Готовясь к преображению в «фазана», Комиссар набил броскую татушку на тыл своей правой кисти — два треугольника горных пиков, а в промежутке между их острых вершин дуга солнца с колючими лучами. И весь этот сияющий новый мир из основательно жирных линий, покоился на пояснительно-образовательной надписи для вовсе непонятливых — «СЕВЕРНЫЙ КАВКАЗ». На сцене Комиссар держался татуировкой к залу и, вскидывая трубу для извлечения нот, он гордым оком косил на широко расползшийся шедевр неизвестного живописца-кольщика.
Наверное, Серому не в жилу было, что Комиссар блатует более красочной кляксой, чем его синеватый паук-крестовик (знак Зоны для посвящённых) едва ли больше шарика для пинг-понга. Настолько наглое неравенство, даже в отсутствие каких-либо ограничений Зоны на татуировки географического толка, подзуживало Серого приёбываться к жизнерадостному Трубачу.
(...впрочем, там где использовано слово «наверное» не стóит прямо так с разгону верить нá слово — наверняка, за ним у меня пойдут сплошь домыслы, предположения да измышления досужие. Возможных вариантов с толкованиями может быть масса, уйма, вагон, в конце концов, но сказанное «наверное» всех их отметает и оставляет что-то одно, возможно, и не самое верное.
Слово требует осторожного с ним обращения. Иной раз ляпнешь чего-то такого разухабистого, вроде: «Лабухи — это ж одна семья. Мы друг за друга — горой!», а потом за себя же неловко — опять херню сморозил!
Потому что обобщающие высказывания лишь для лозунгов хороши, ну там: «Пролетарии всех стран — объединяйтесь!» Или ещё: «Двуногие! Возлюбите друг друга!»

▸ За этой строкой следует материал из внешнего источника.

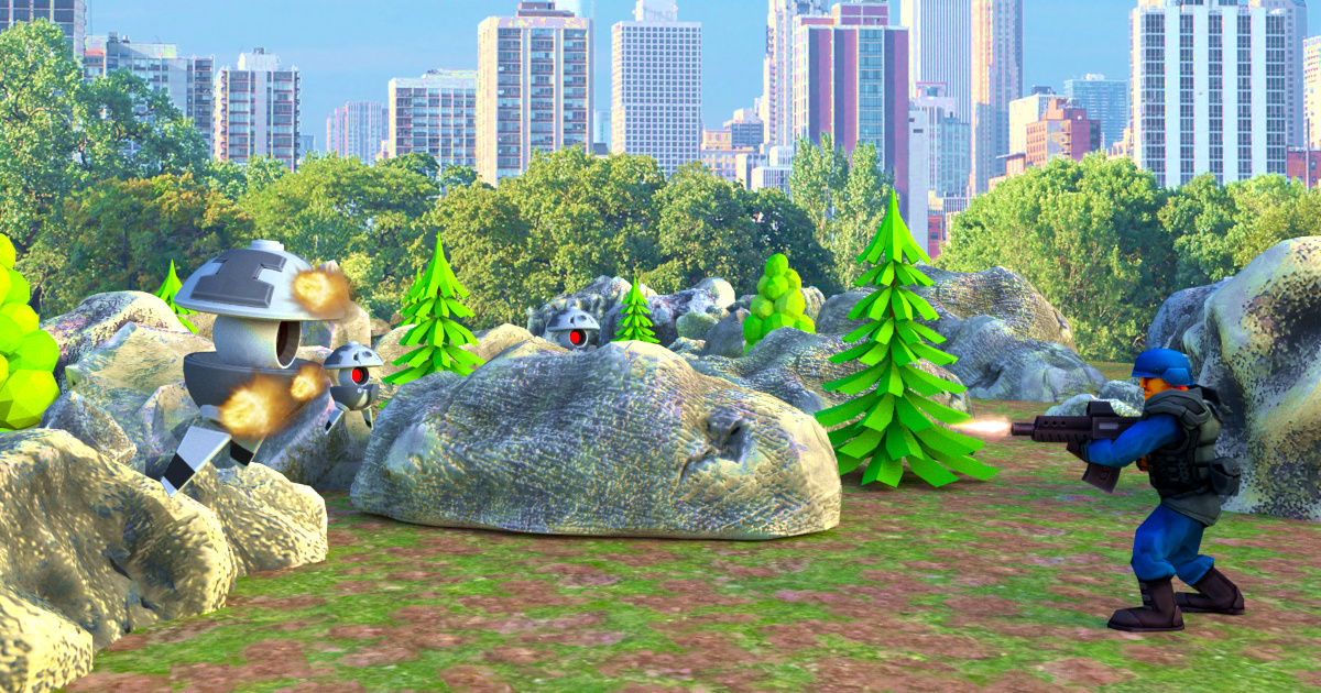 Defend the planet from machines. The game offers three levels of difficulty, each comprising ten stages. You have the option to acquire health kits and weapons. In the settings, you can toggle overall sounds and fine-tune mouse sensitivity.

Такие словесные кренделя срабатывают, лишь покуда общие интересы совпадают с интересами данного, отдельно взятого млекопитающего, а стоит им чуть разойтись, так враз: «Вы — себе, а мы — себе»...)
Возьмём, к примеру, того же самого Юру Замешкевича. Заперев кочегарку, он укрывается в Клубе, чтоб не мозолить глаза Отцам-Командирам. Побренчит на гитаре, безмятежно оприходует кружечку чифира (для космо-обезьянок Чака Паланика: смешать пачку чая, 250 гр., с водой, 250 мл, довести до кипения), где он свой, один из нас — личность тонкого душевного склада, искушённый ценитель истинной музыки, которая то, шо нада, верный друг, надёжный товарищ, и просто брат — лабух, одним словом.
Но вот приехала к нему жена из Тулы, ждёт на проходной КПП, покуда он бегает за парадкой и шинелью, чтобы уйти с ней в город. Соскабливает, на бегу, шерсть с морды, получает в штабе бумажку увольнительной записки, заскакивает зачем-то в Клуб, где в пустом зале мирно сижу я, в последнем ряду. Прыг — в музыкантскую, скок — обратно и, по пути на выход, хватает мой, ничего не подозревающий хуй своей медвежьей хваткой и поднимает меня всего в воздух. Конечно, — я ору!
Затем боль постепенно рассасывается, оставляя неизбывное недоумение. Зачем?
(...ответ на поднятый вопрос не попадался мне ни в писаниях наивного примитивиста Фрейда с его подлипалами, ни в Упанишадах с Бгхагаватами, ни в обоих Заветах, ни в Коране. И только лишь в «Истории Государства Российского с Древнейших Времён» В. Соловьёв упоминает мельком случай с Лже-Дмитрием, когда тот прятался в дальних покоях дворца, но зверовидый казак его там обнаружил, схватил за «потаённый узел» и выволок узурпатора к беснующейся толпе на расправу. Но там хотя бы прослеживается какая-никакая практическая цель… Но мой-то Юре зачем?
Есть вопросы, непостижимые людским умом, нам остаётся лишь указать на них для вразумления любознательных умозрительным назиданием, а далее пожать, с печалию, плечьми, да и руками развести широ́ко — ахти нам! сие за пределами доступного разумению человецей...
Кстати, именно для подобных случаев наукою изобретён красивый, звучный термин. Допустим, ты настолько крут, что на три метра лёд гляциальный проссыка́ешь, как не́хуй делать, но вдруг выскакивает такая поебень, что даже и мамонт хуй проссыт, то знай — вот это уж он и есть — трансцендентализм падлючий...)
(...в стройбате общечеловеческая тяга — оставить по себе отметину — не исчезает, но становится анонимной. Ты не увидишь здесь классического «Тут был Вася», стройбатовец расписывается за всех:
«ОРЁЛ, ДМБ-73».
Читай: «Призывались из города Орёл (или области) демобилизуемся в 1973».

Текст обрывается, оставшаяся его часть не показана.